A Problem in Favoritism
How do we come by our likes and dislikes in the minor animal domain? Walking through a hillside meadow in September, I became suddenly conscious that I was sweeping aside grasshoppers in a spirit of irritation, yet at nearly every step casting a look ahead to avoid treading upon a cricket. Why, as between these two saltatory insects, should I be constantly protecting the one and condemning the other? Mentioning the circumstance among a company of friends, I found that every one present shared my peculiar bent, but not one could account for it in himself. The theory of literary association was discarded when inquiry disclosed the fact that only three of us, and those the older members of the party, were familiar with the fable which represents the grasshopper as wasting all the summer in pleasure while the cricket takes its rightful part in the struggle for existence.
And where did the fable itself come from? Facts were made before fables, and the author of this one was not creating a prejudice, but only reflecting and embalming one already existing among the people of his day. Have the naturalists ever put on record any evidence that, the grasshopper is really an idler and a parasite, or the cricket a self-respecting producer?
We set traps and spread poisons for rats, but we punish Tabby when she catches a squirrel. Why? Because the rat invades our dwellings and robs cellar and pantry, while the squirrel keeps aloof and confines his thieving to the fields and outbuildings? The distinction is not well taken. Both are conscienceless rogues, the essential difference between them being that the rat has the greater courage.
Is it a question of voice? The grasshopper has none, while the cricket appeals to us with her companionable little chirp. The rat is silent and stealthy except when terrified, and then emits a pathetic squeal; but the squirrel, from his safe lookout in a tree-top, chatters and scolds at us like any common shrew. And if there be a charm in the mere possession of a voice, why do we deplore the coming of the seventeen-year locust, which can outshrill the cricket sevenfold, and almost drown the clamor of an excited squirrel? Or why should we cherish the lady-bug while trying to exterminate the spider, neither of which can utter a sound?
What gives us our sense of loathing for the garden toad, demurely useful little neighbor that he has proved himself, while his second cousin the frog, who seems to do nothing but play the dandy and the braggart, is uniformly treated as a good fellow? If the toad gulped and croaked all night long, and made his home in slimy pools instead of in the melon-patch, would they reverse their present order in our esteem?
Does the trouble with one class of wilding creatures lie in the familiarity which breeds contempt? If it were the grasshopper, instead of the cricket, that warmed her toes at the kitchen hearth; if the squirrel intruded upon the family privacy while the rat affected only the hedgerows and stonewalls; and if the frog grew more affable and moved up into the hop-toad’s habitat, should we find our emotions chilling toward the former objects of our partiality because we were treated to an overdose of their society?
We speak of the ‘patient’ snail, and love to watch him as he toils along, Arab-like, with his house on his back. The caterpillar, also patient and a crawler, arouses only the sentiment of disgust. Yet the snail remains all his life the plodding clod we see him today; whereas the instincts of the caterpillar impel him ever toward a finer and more glorious estate, in which he commands readily the admiration we are so reluctant to yield him when he is only in the stage of promise.

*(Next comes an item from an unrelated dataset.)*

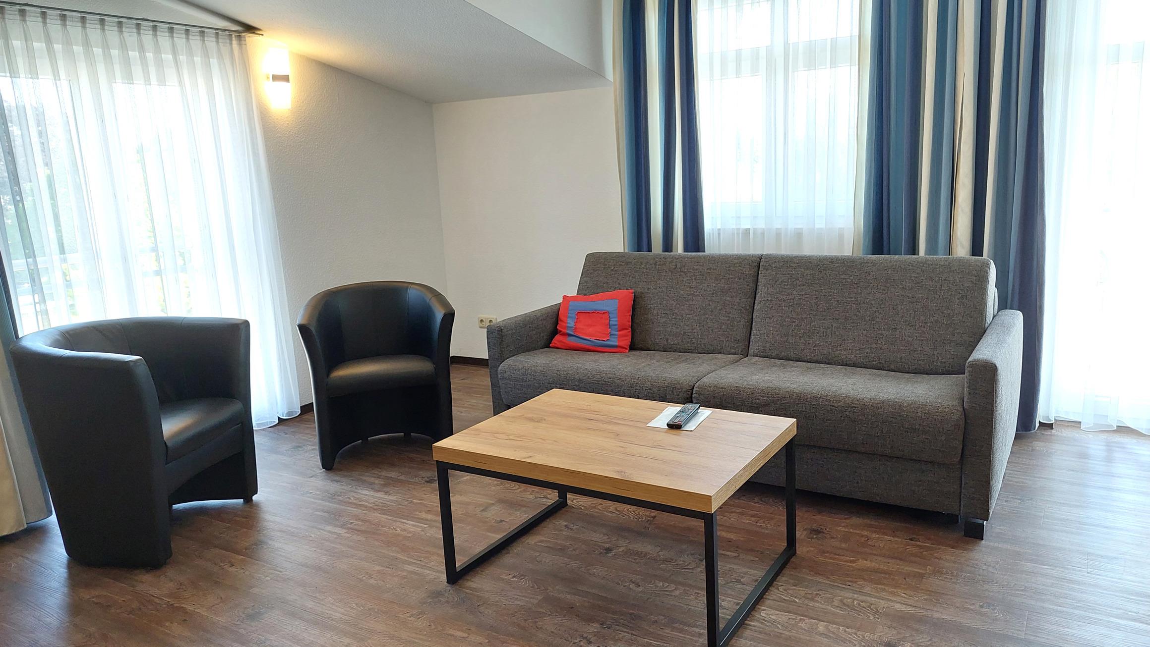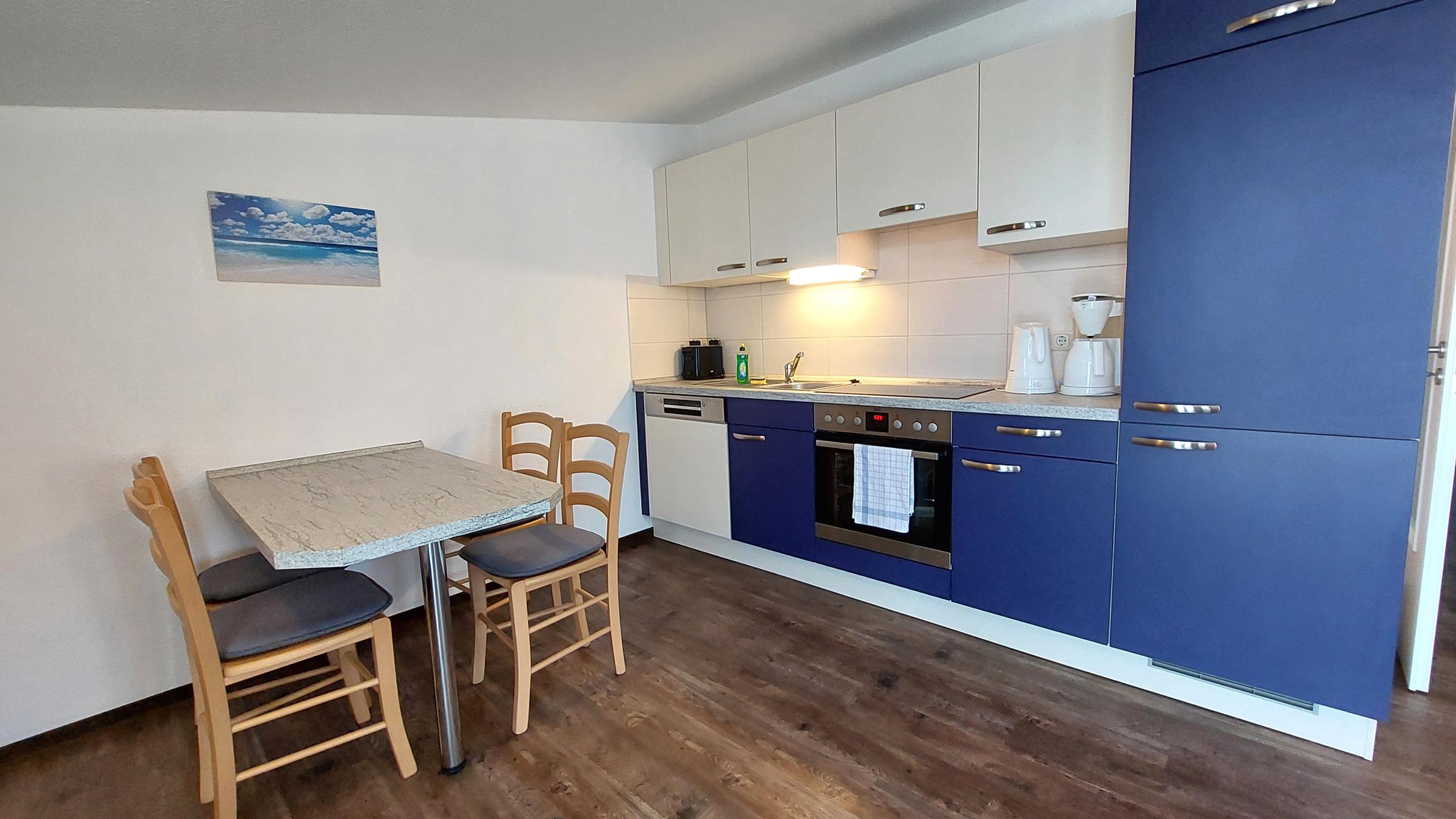 Diese freundliche Wohnung ist aufgeteilt in einen Wohnraum mit Balkon und integrierter Küchenzeile, ein Schlafzimmer und ein Duschbad mit Waschtisch und WC. Das Wohnzimmer begrüßt Sie mit einem Schlafsofa und Sessel sowie Flachbild-TV. Das Schlafzimmer verfügt über ein Doppelbett (1,80m x 2m) sowie einen Kleiderschrank. Die Küchenzeile ist mit Backofen, Geschirrspüler, Cerankochfeld, Kühlschrank mit kleinem Gefrierfach, Cerankochfeld, Mikrowelle, Kaffeemaschine, Wasserkocher und Toaster ausgestattet. Highlights: Kostenfreies WLAN sowie ein frei wählbarer PKW-Stellplatz direkt am Haus.

We wage war upon the bat, but encourage friendly relations with the woodpecker; yet of the two we are deeper in the bat’s books for his beneficences. Is this inequity a matter of color? Does the gayety of the one inspire, and the sombreness of the other depress and repel us? Then to what shall we attribute the good-natured tolerance, and even interest, with which so many of us regard the black ant, and our abhorrence of his red kindred?
All this must point to something; but to what? In its outlook upon the lesser world, is the mind of man occupied by a faculty called reason, which is subject to the operation of definite laws; and if so, how do they explain such phenomena of attraction and repulsion as are typified in the cases I have cited? Or is a part of the mind simply set apart as a harbor for predilections and antipathies which defy any logical interpretation whatsoever?